Secretario geral do MLSTP/PSD Arlindo Barbosa  (na foto)

19 Novembro de 2018 O Movimento de Libertação de São Tomé e Príncipe - Partido Social Democrata (MLSTP-PSD) e a coligação PCD-UD-MDFM acusaram ontem o governo cessante de Patrice Trovoada dede "engajar o Estado em compromissos pouco transparentes e de utilidade duvidosa".

"Não se compreende que um governo que perdeu as eleições, que perderá legitimidade em menos de uma semana, engaje o Estado em compromissos pouco transparentes e de utilidade duvidosa, muitos dos quais lesivos de interesse nacional, sobrecarregando ainda mais a difícil condição financeira do país", afirmaram em comunicado conjunto.

No comunicado lido ontem pelo secretário-geral do MLSTP-PSD, Arlindo Barbosa, as duas formações políticas que constituem uma nova maioria e pretendem formar governo com base nos resultados de eleições de 07 de outubro, lamentam que o atual governo "aceite demissões de altos responsáveis da administração pública e das empresas, sem se preocupar com a prestação de contas e o apuramento de responsabilidades civis e criminais".

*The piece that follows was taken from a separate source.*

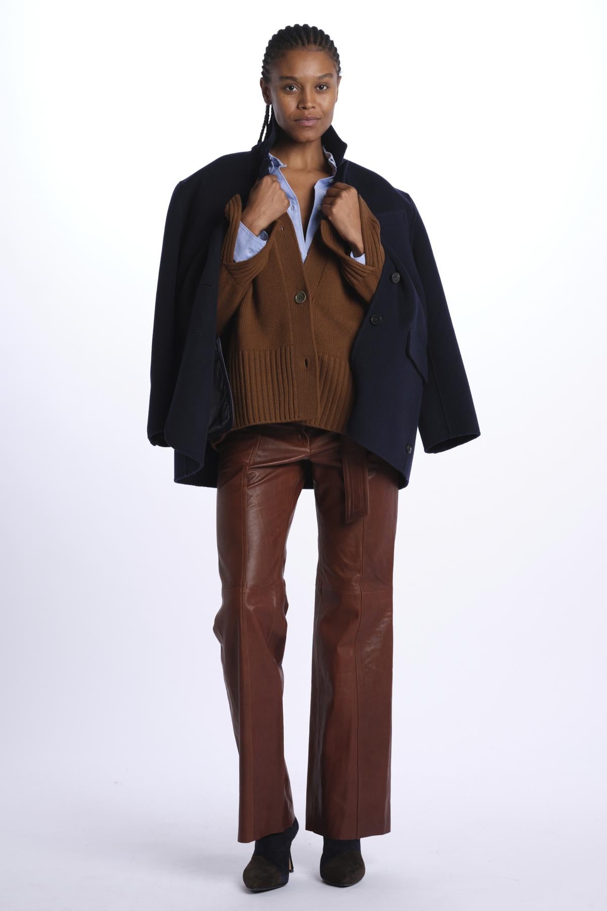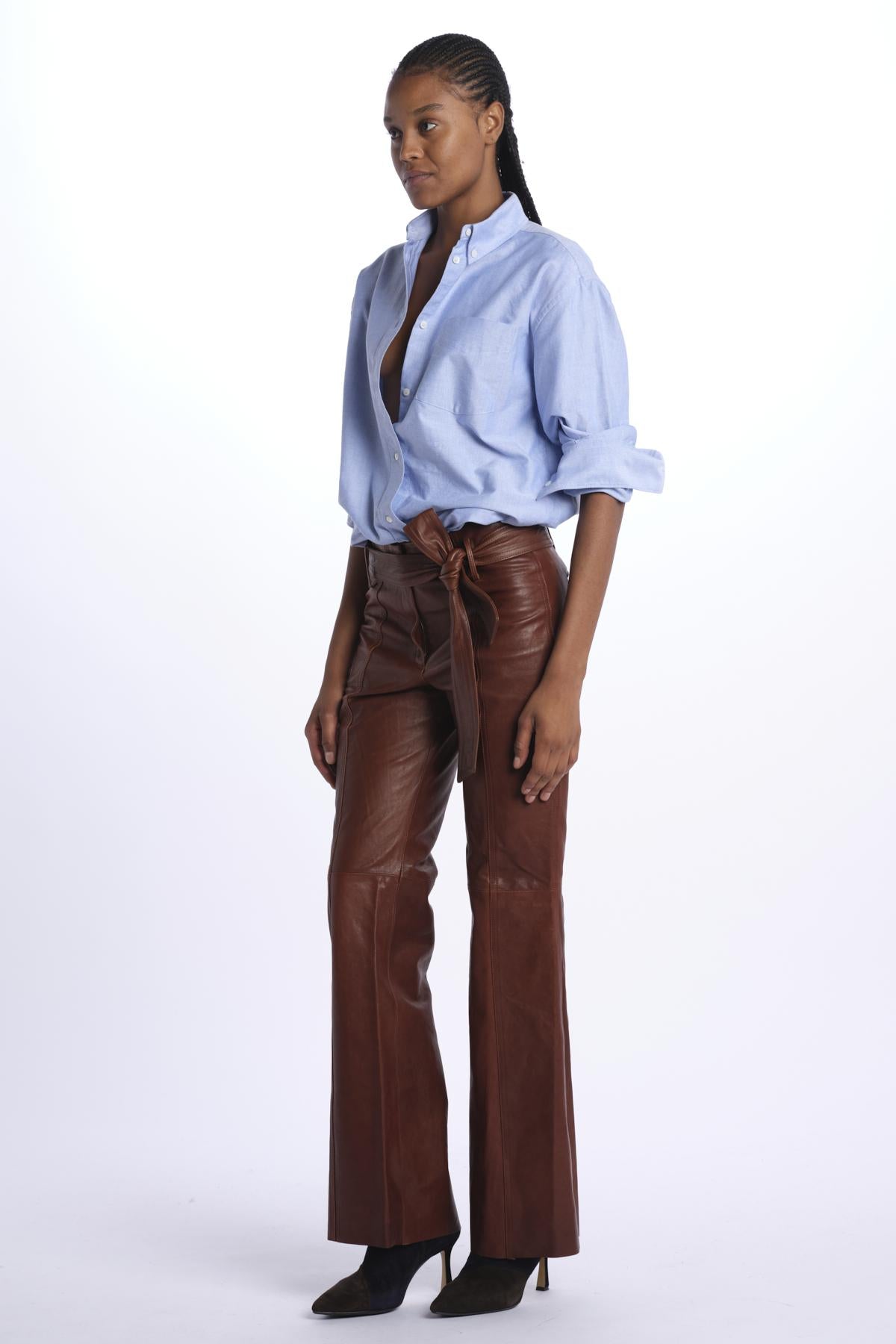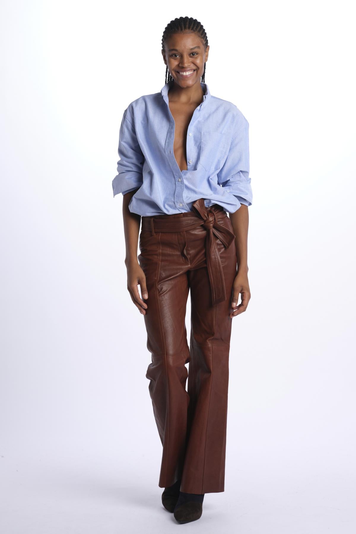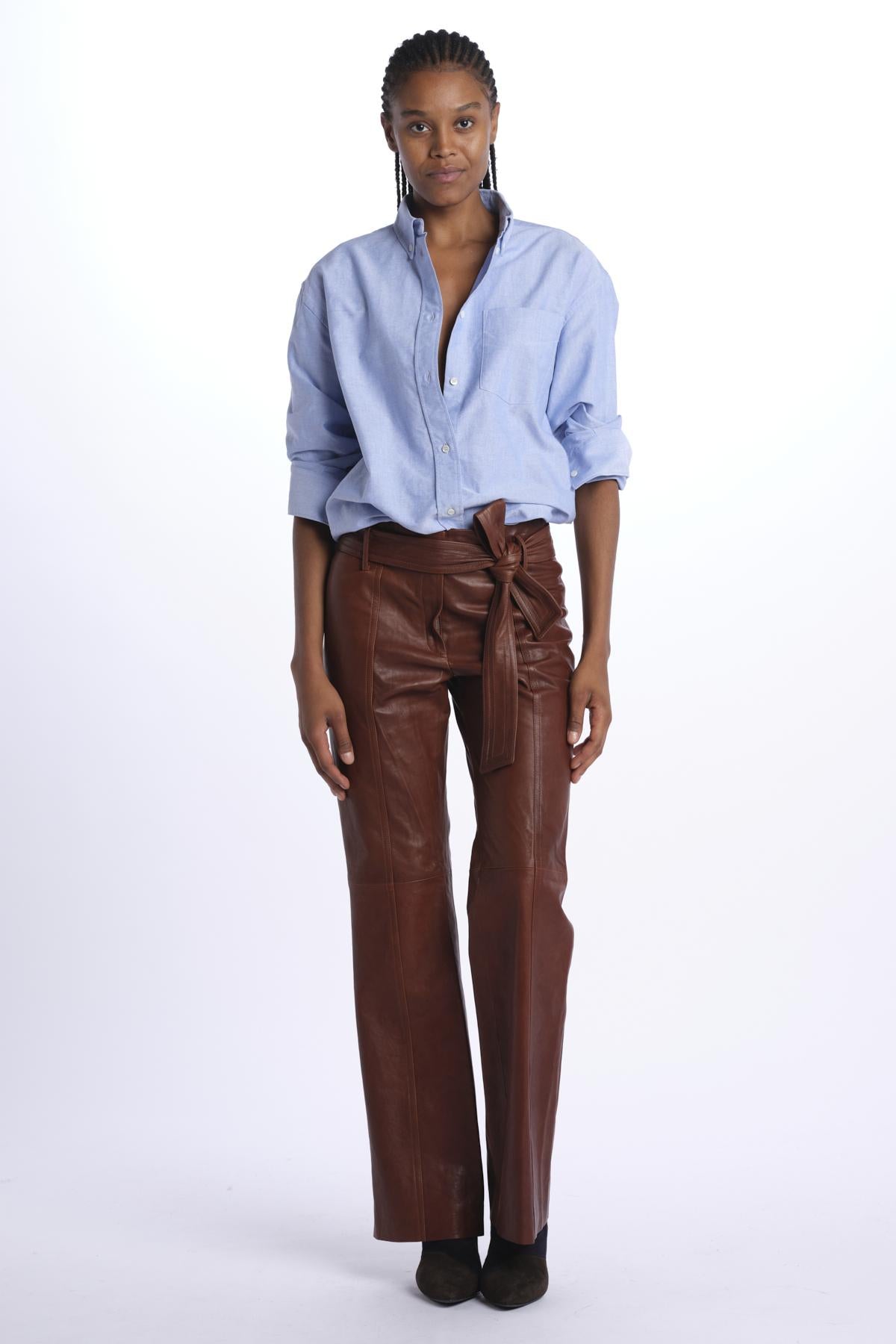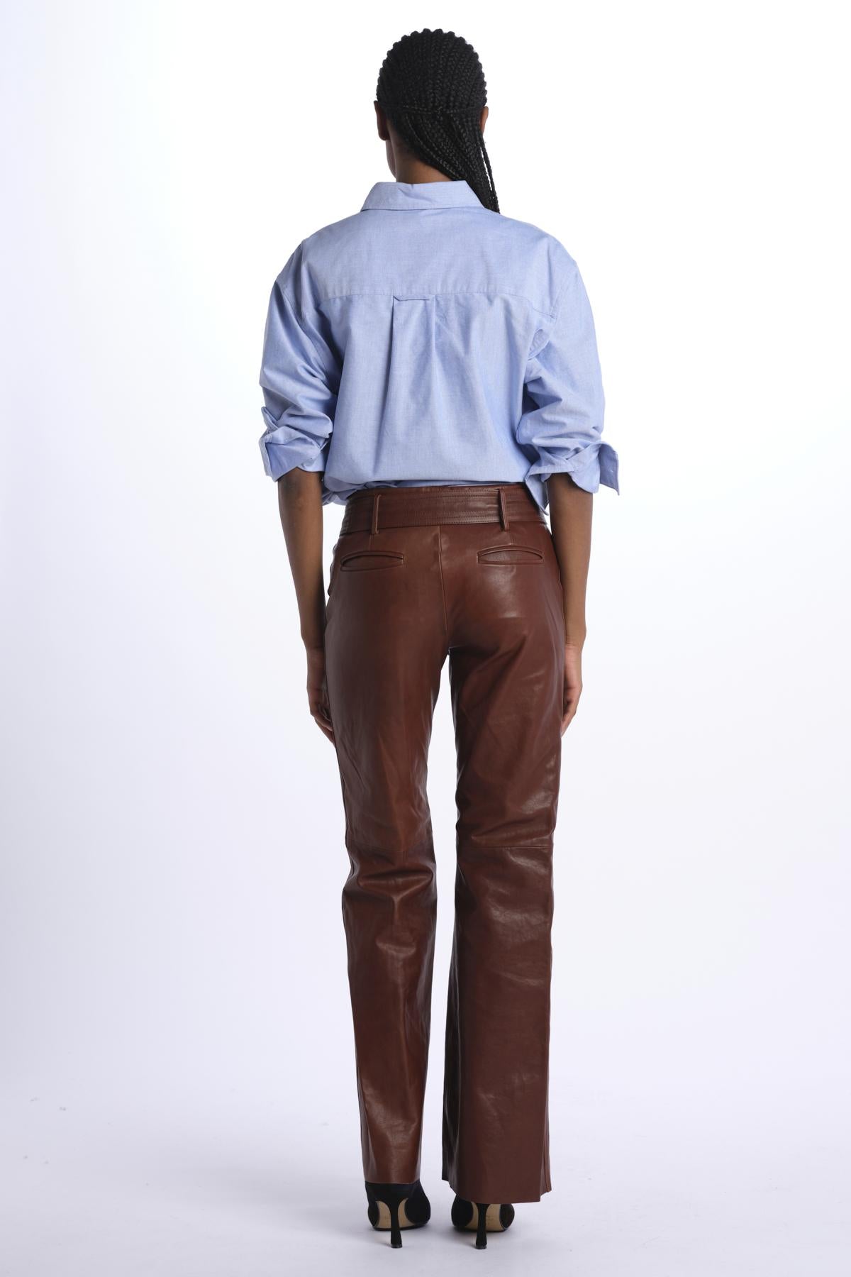 Belted trousers by milaura leather. The model is 174 cm tall and wears a 38. Composition: 100% lambskin.

Fonte partidária indicou à Lusa que o comunicado se refere, em particular, ao diretor-geral da empresa de Água e Eletricidade (Emae), que, de acordo com fonte desta entidade, "abandonou o país há cerca de uma semana e demitiu-se do cargo, a partir de Lisboa".

Um comunicado do Conselho de Ministros, datado de 16 de novembro, por seu lado, confirma que o diretor-geral desta empresa, Mário Lourenço de Sousa, decidiu "colocar o seu cargo à disposição".

Este comunicado enumera a aprovação de diversos diplomas sobre a administração pública, nomeadamente o decreto relativo à concessão de subsídios de férias aos funcionários, a regulamentação da Lei sobre terrenos do Estado e a alteração da carreira diplomática.

Foram também aprovados os decretos que formalizam o quadro do pessoal do Instituto Marítimo e Portuário e do Instituto Nacional de Estradas, o quadro remuneratório do Laboratório de Engenharia Civil e do Instituto Nacional de Meteorologia.

De acordo com a nova maioria, o governo cessante pretende "deixar o país numa situação de caos através de atos e omissões graves, com atrasos no pagamento de salários, não pagamento de dívidas a empresas, de bolsas de estudos" e o "não abastecimento dos hospitais".

"Sem pôr em causa o princípio do respeito pela continuidade do Estado, o governo da nova maioria analisará, com todos os envolvidos e num espírito de boa fé, todos os atos praticados [pelo Governo cessante] e cumprirá apenas aqueles que tenham respeitado o enquadramento legal", acrescentou o dirigente do MLSTP-PSD, Arlindo Barbosa.